Wow, look at them all! I'm glad you got some videos, too. I really enjoyed seeing how things work. Your boy sure does have a huge beard!


----------



## Fourthwind (Jan 28, 2015)

Fry continue to do real well. This is what the tank looks like without the hornwort. Lots and lots of little boys and girls! Had found some Hydra when I took the Hornwort out and could see in the tank. They killed about 8 fry  Hydra all gone now :twisted:

My rough count is 200 in the pic.


----------



## Sadist (Jan 1, 2015)

Wow, that's a lot of fry! I'm glad you got rid of the hydra before they killed too many.


----------



## Fourthwind (Jan 28, 2015)

Well it deeply saddens and depresses me to update this spawn. In less than three days I have lost the entire tank of fry/ 

Water quality was spot on, could not identify any parasites under magnification, could not see any fungus. They just stopped eating and died in large batches no matter what I did. Absolutely heart breaking.
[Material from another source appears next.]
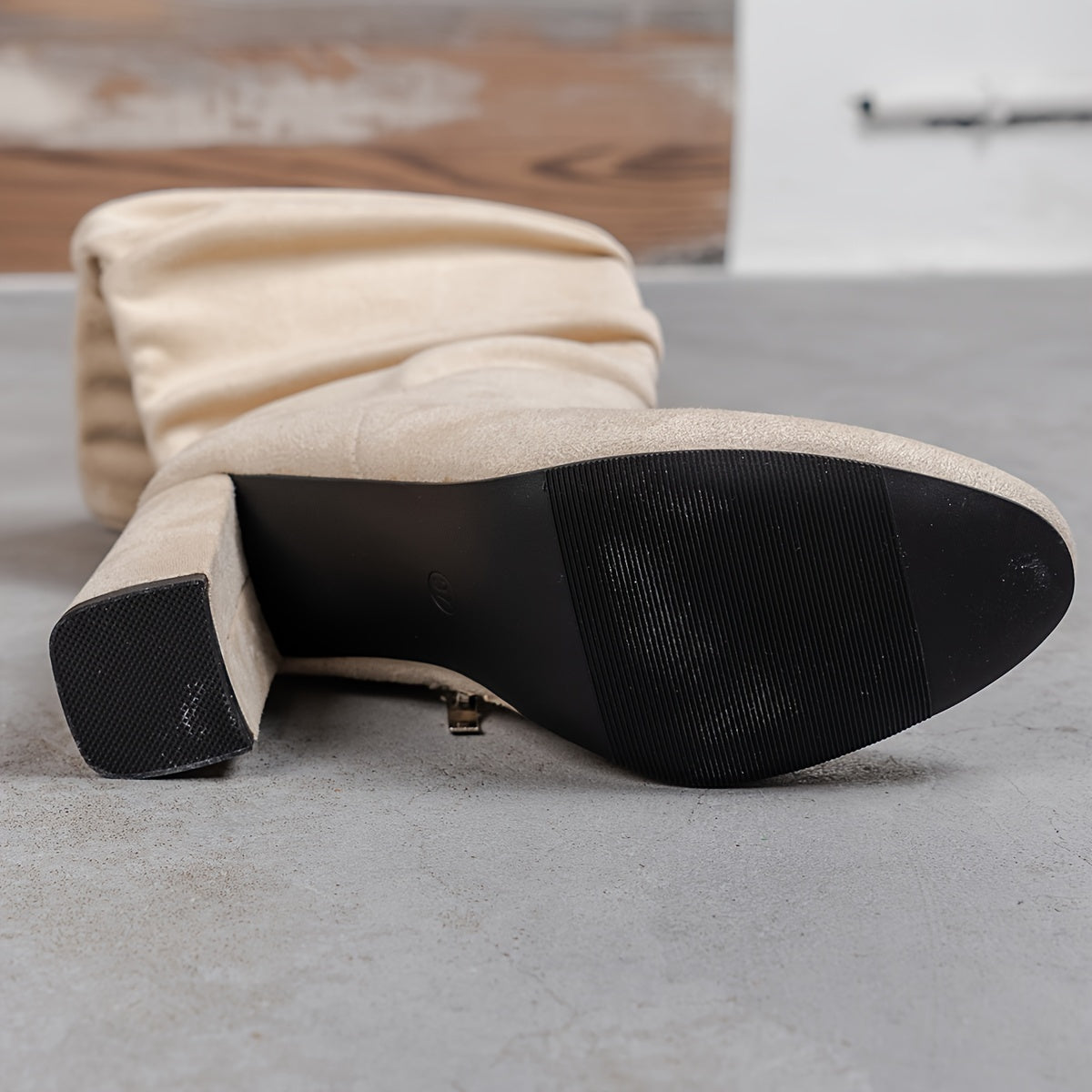 Women's Beige Mid-Calf Boots With Side Zipper and Chunky Heel

I nuked the tank today, and am trying to move on. It would be so much easier if I could have seen a problem. Even other local breeders couldn't put their finger on it. :frustrated:


----------



## NYorkieBetta (Apr 21, 2015)

How upsetting and disappointing for you. Sorry :-(


----------



## Alaura123 (Jul 4, 2014)

Aw man thats terrible  So sorry to hear about it.
At least you tried hard to raise them, these things seem to happen way more often than not :/


----------